**Task objective**: Exact transcription of the data below is required, without the images.

**Data below**:

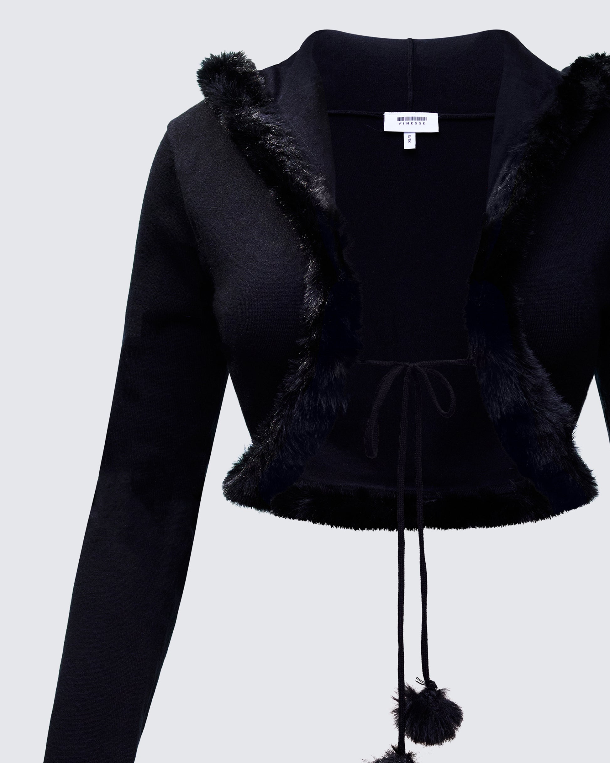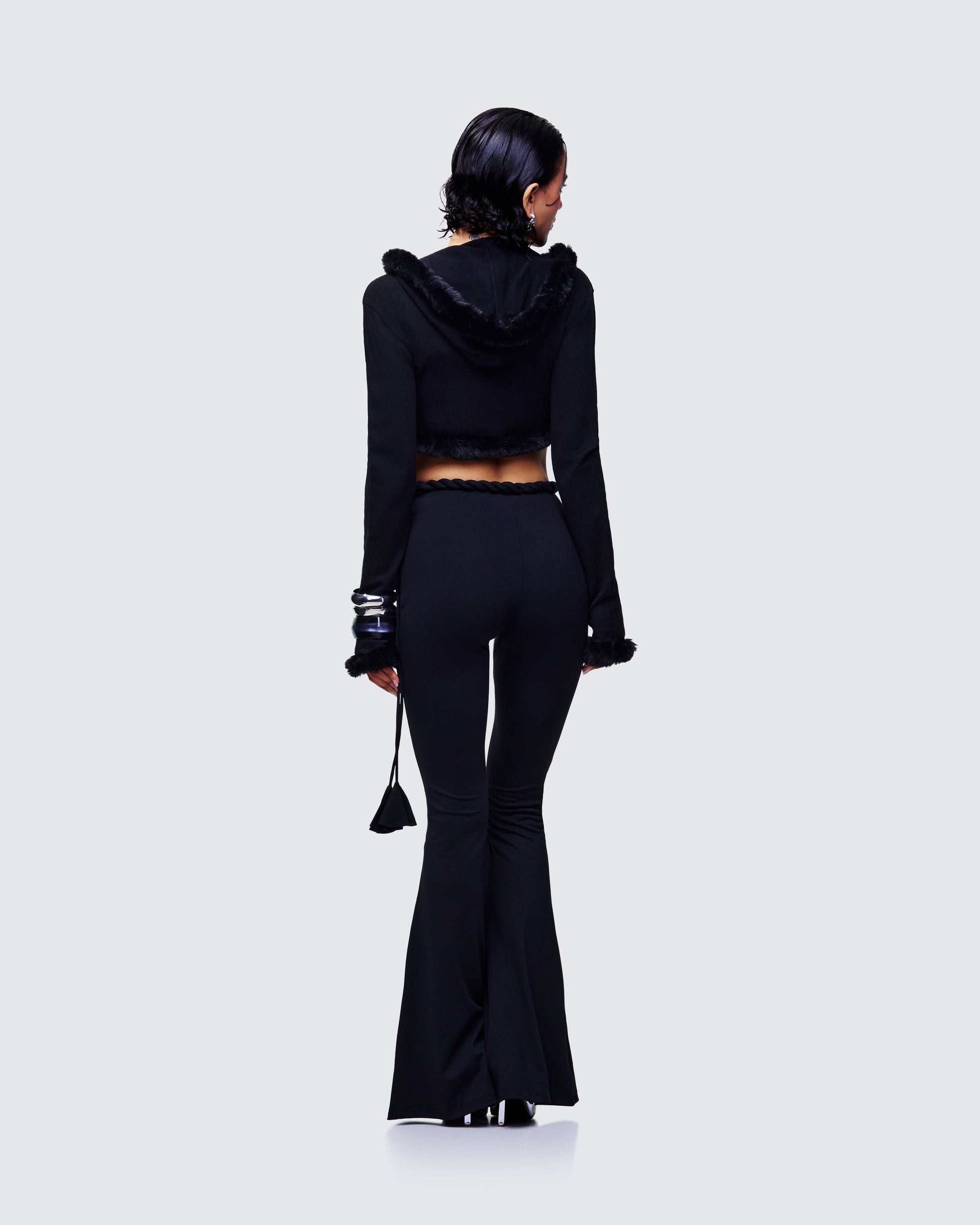 Too glam to give a fur π€ This cropped knit cardi with plush faux-fur trim and pom-pom ties, paired with soft black jersey kick-flares, serves cozy comfort with a cool-girl twist π₯
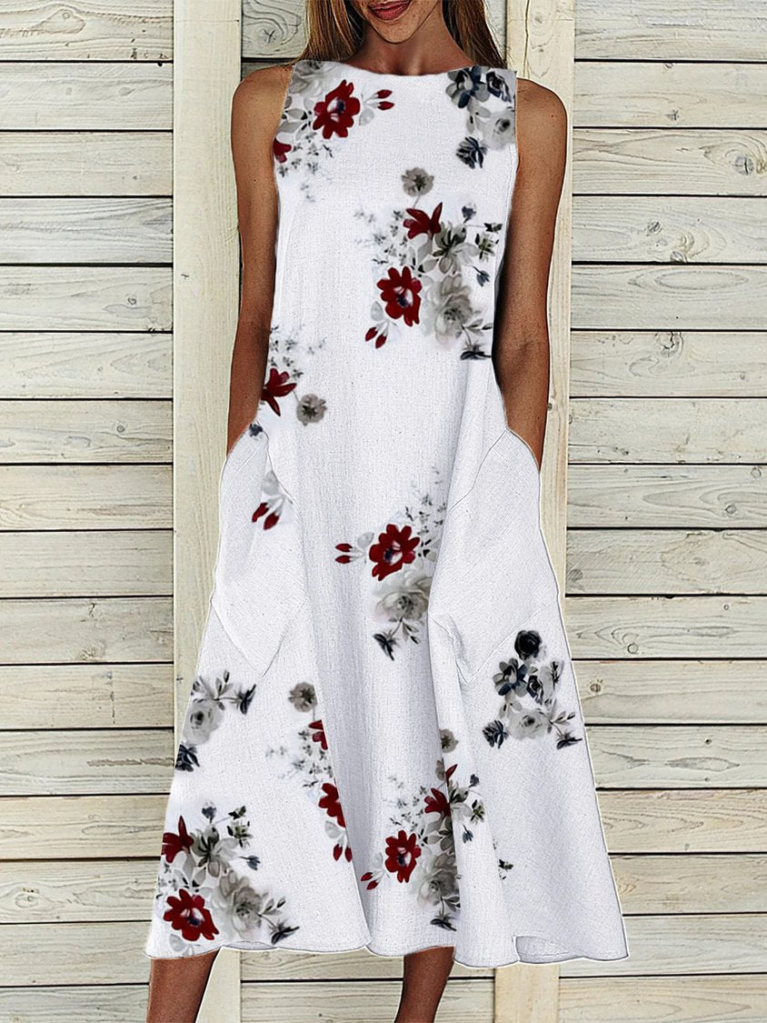 Floral Printed Sleeveless Cotton Blend Shift White Casual Dress NNq8
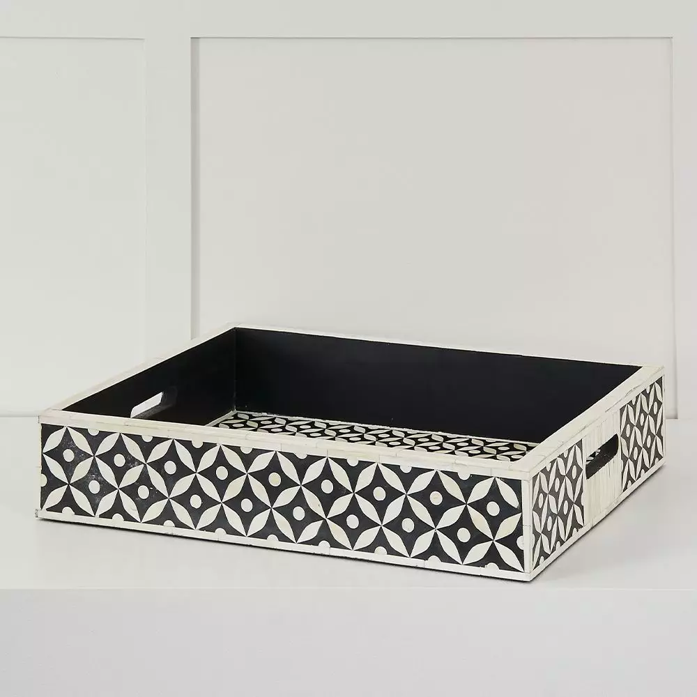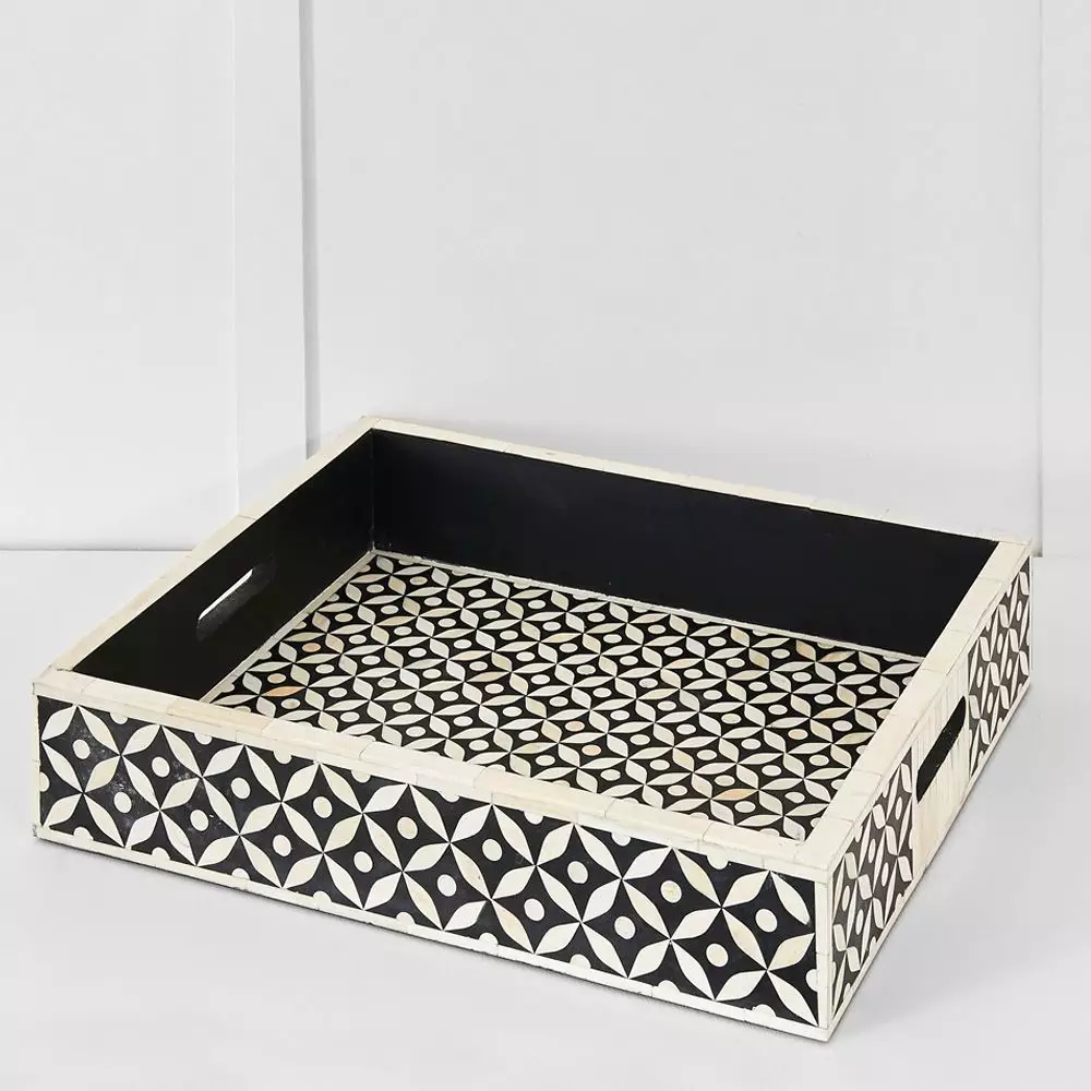 Our beautiful Mia ethically sourced bone inlay tray is the perfect addition to any household. This Sophisticated piece is both functional and decorative.

**Problem solution**:
 Too glam to give a fur π€ This cropped knit cardi with plush faux-fur trim and pom-pom ties, paired with soft black jersey kick-flares, serves cozy comfort with a cool-girl twist π₯
 Floral Printed Sleeveless Cotton Blend Shift White Casual Dress NNq8
 Our beautiful Mia ethically sourced bone inlay tray is the perfect addition to any household. This Sophisticated piece is both functional and decorative.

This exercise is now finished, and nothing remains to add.